Troubleshooting External S-TAP Issues
Check for solutions if something goes wrong with your External S-TAPs.
The database connection closes unexpectedly
When External S-TAPs are running, you might encounter an infrequent situation in which the database connection closes unexpectedly. In this case, you need to delete the certificate that is associated with the External S-TAP and restart the External S-TAP, as follows:
- Call
delete_certificate_external_stap
from the Guardium CLI to delete the certificate. This command lists all of the available certificates that are associated with External S-TAPs. Select the number that corresponds to the certificate for the associated External S-TAP®. - Restart the External S-TAP from the UI.
Even without the External S-TAP certificate, the External S-TAP continues to forward traffic to the database.
Database is blocked due to too many connection errors
If your site is using Amazon elastic Kubernetes service (EKS) with Aurora MySQL, you might experience connection errors. In this case, in the Amazon RDS console, set the values for the following instance-level parameters by applying the Parameter Groups to your database instance.
- max_connect_errors=10000
- max_connections = 200
Client IP is not correctly recorded for session
Load balancers and proxies can obscure the IP of the client. This behavior is not unique to External S-TAP and multiple methods are available to address this issue. One straight-forward method is to use a load balancer that can inject proxy protocol.
If a proxy protocol packet is expected, the packet must exist. Conversely, if a proxy protocol is not expected, the existence of a packet causes the connection to fail.
External S-TAP consumes and removes the proxy protocol packet from the database stream before it sends the session to the backend service.

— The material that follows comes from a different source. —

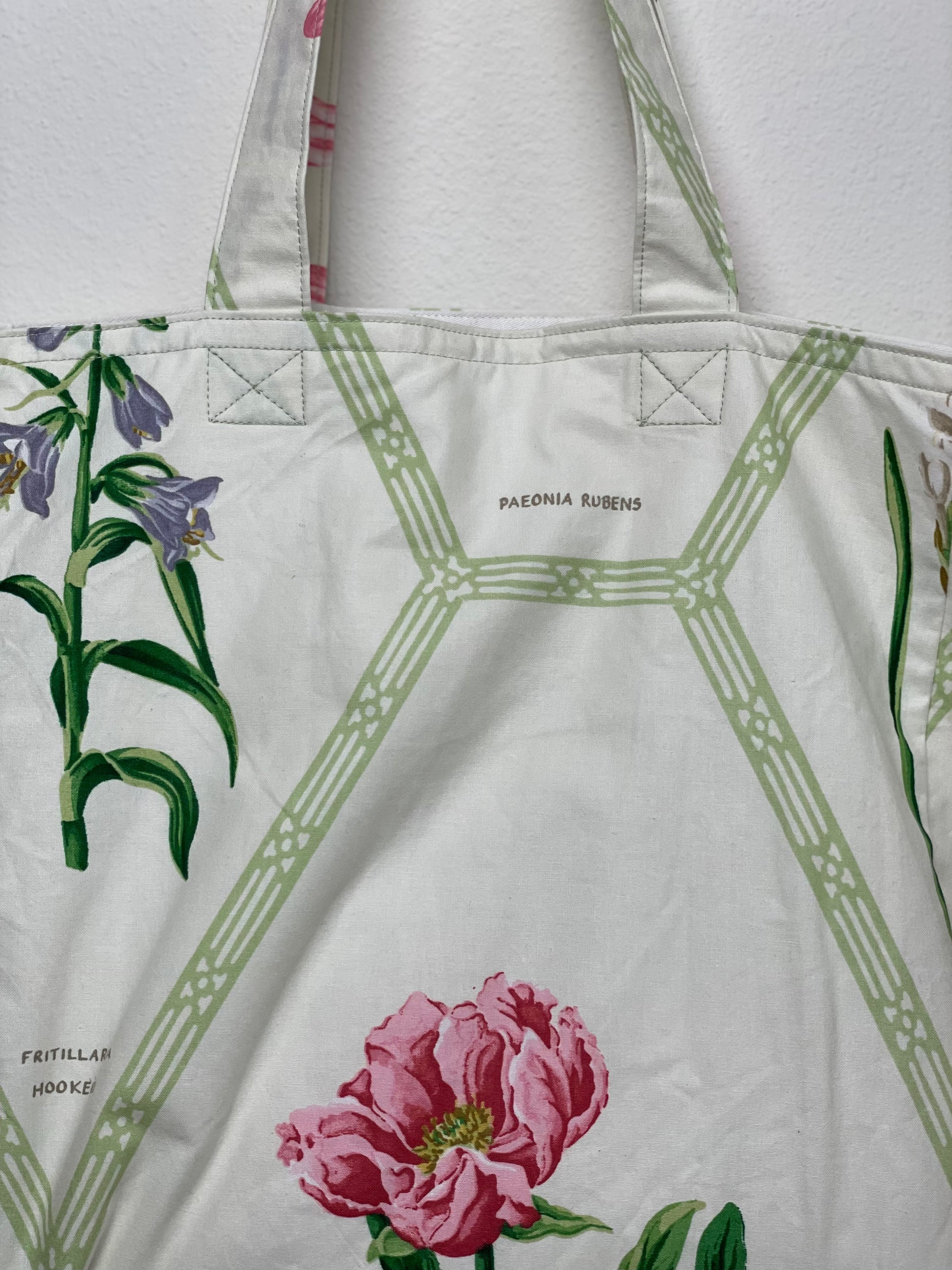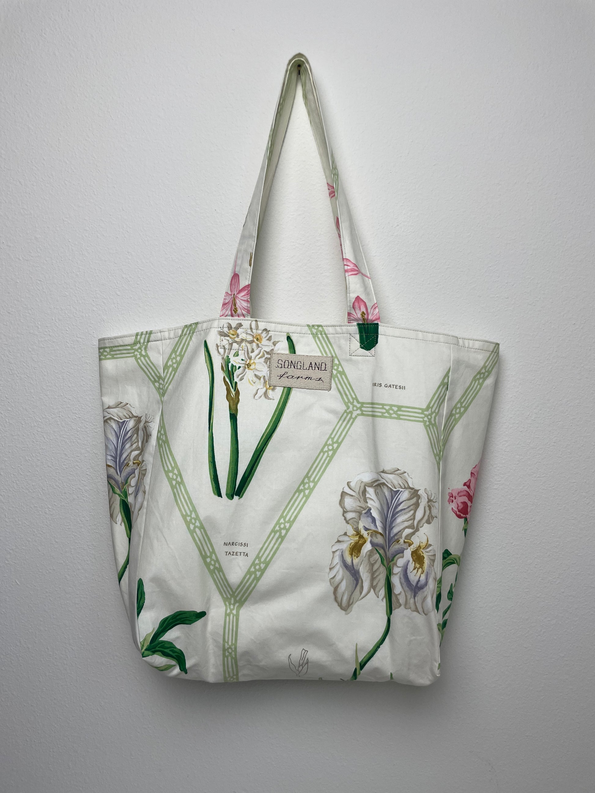 Handmade from vintage Schumacher “Ivydene” cotton fabric in soft white, sage green, lilac, blush, and golden yellow, this tote is fully lined and built for everyday use. The print features botanical illustrations of irises, narcissus, and other garden blooms framed by a pale green lattice, giving the fabric a refined, archival look. The delicate floral details and airy background make the pattern feel fresh and elegant without being overly busy. Made using repurposed fabric, it blends a classic Schumacher botanical with a clean, functional design perfect for groceries, books, or daily essentials.

In AWS, proxy protocol support is available with the classic load balancer. For more information, see the AWS online help on configuring proxy protocol support for the classic load balancer.
- From the External S-TAP UI , set Proxy Protocol to 1 - Enabled in the External S-TAP group tab.
- From the
container_mgmt.sh
script, specify --proxy-protocol 1. - If you deploy External S-TAP with helm, set estap.proxy.proxy_protocol to 1 in the overrides yaml file.
- If you deploy External S-TAP by using Cloud Pak for Data 3.x, set Proxy protocol expected to 1 in the Database and Proxy tab.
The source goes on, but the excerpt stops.